------ Given data ------
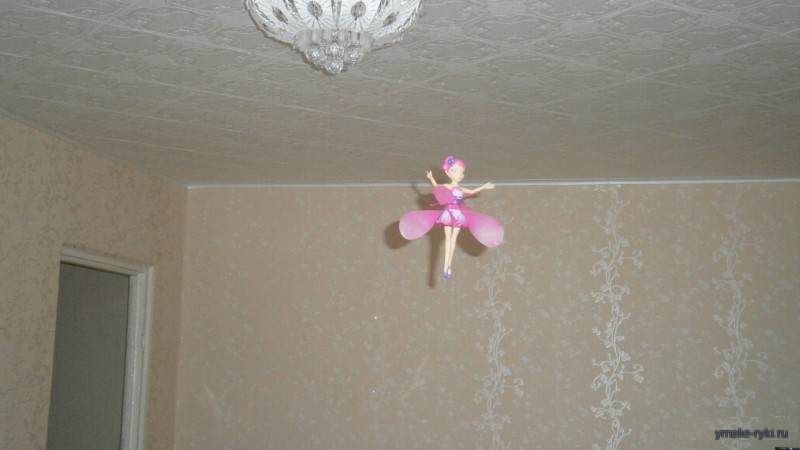 После всех проделанных процедур наша фея начинает свой полет. Она взлетает в верх и через некоторое время начинает опускаться в низ. Для того, что бы она снова поднялась достаточно всего лишь подставить под нее руку и она снова полетит ввысь. Если лопасти ударятся об препятствие в виде стенки или мебели, она автоматически отключается.
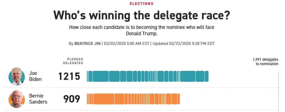 Ứng viên Sanders đang bị dẫn trước với 306 phiếu cử tri. Đồ họa: POLITICO
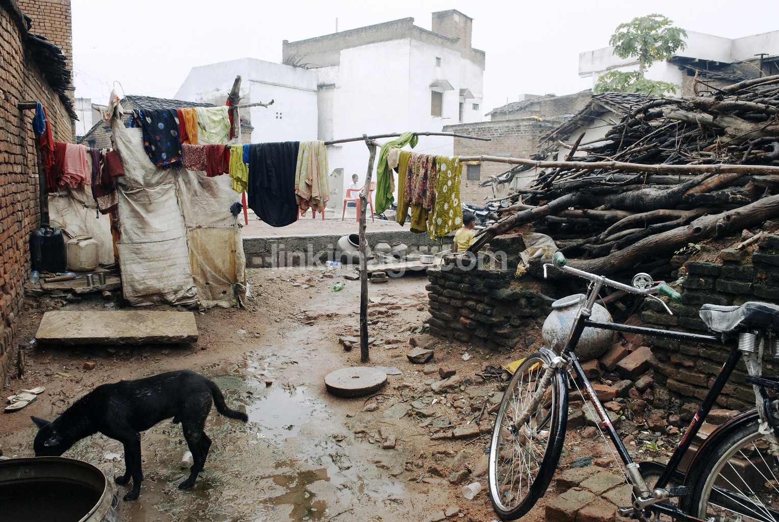 - bike, animal, poor, alley, courtyard, home, dog, house, india, earth, clothes, sand, debris, smuttsigt, laundry, clothesline, outside
------
Output all of the data exactly. Skip the pictures.

• Response to this exercise:
 После всех проделанных процедур наша фея начинает свой полет. Она взлетает в верх и через некоторое время начинает опускаться в низ. Для того, что бы она снова поднялась достаточно всего лишь подставить под нее руку и она снова полетит ввысь. Если лопасти ударятся об препятствие в виде стенки или мебели, она автоматически отключается.
 Ứng viên Sanders đang bị dẫn trước với 306 phiếu cử tri. Đồ họa: POLITICO
 - bike, animal, poor, alley, courtyard, home, dog, house, india, earth, clothes, sand, debris, smuttsigt, laundry, clothesline, outside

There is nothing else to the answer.